Specific quinone reductase 2 inhibitors reduce metabolic burden and reverse Alzheimer's disease phenotype in mice

Introduction Accumulating metabolic dysfunction in the ageing brain creates chronic stress, which disrupts homeostasis and results in a wide spectrum of pathologies that risk the occurrence of dementia, such as [...]

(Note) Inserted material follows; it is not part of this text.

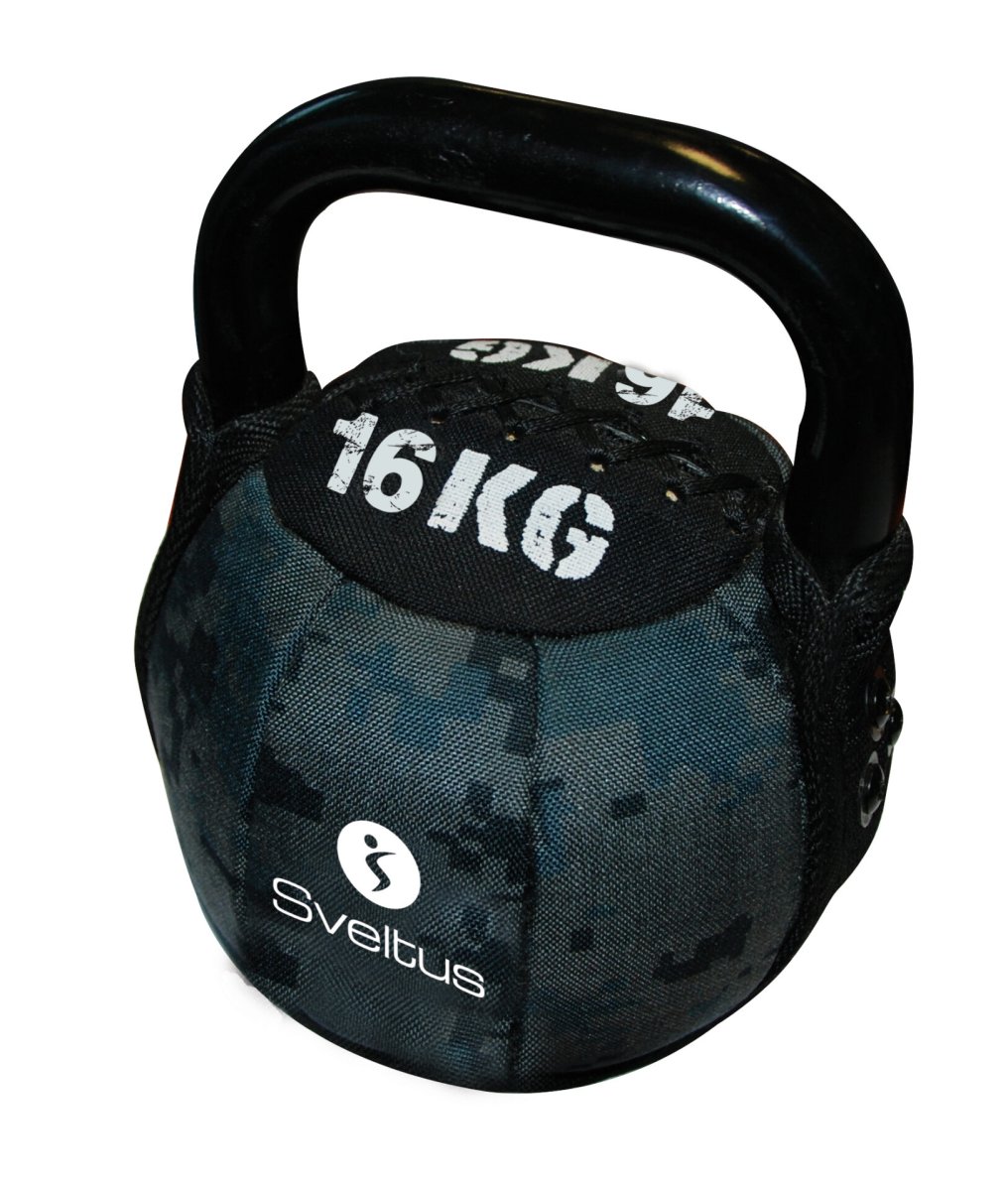 Ces kettlebells sont recouverts d’un tissu en coton au style camouflage et lestés de sable.

Biological aging can be described as accumulative, prolonged metabolic stress and is the major risk factor for cognitive decline and Alzheimer's disease (AD). Recently, we identified and described a quinone reductase 2 (QR2) pathway in the brain, in which QR2 acts as a removable memory constraint and metabolic buffer within neurons. QR2 becomes overexpressed with age, and it is possibly a novel contributing factor to age-related metabolic stress and cognitive deficit. We found that, in human cells, genetic removal of QR2 produced a shift in the proteome opposing that found in AD brains while simultaneously reducing oxidative stress. We therefore created highly specific QR2 inhibitors (QR2 is) to enable evaluation of chronic QR2 inhibition as a means to reduce biological age-related metabolic stress and cognitive decline. QR2 is replicated results obtained by genetic removal of QR2, while local QR2i microinjection improved hippocampal and cortical-dependent learning in rats and mice. Continuous consumption of QR2 is in drinking water improved cognition and reduced pathology in the brains of AD-model mice (5xFAD), with a noticeable between-sex effect on treatment duration. These results demonstrate the importance of QR2 activity and pathway function in the healthy and neurodegenerative brain and what we believe to be the great therapeutic potential of QR2 is as first-in-class drugs.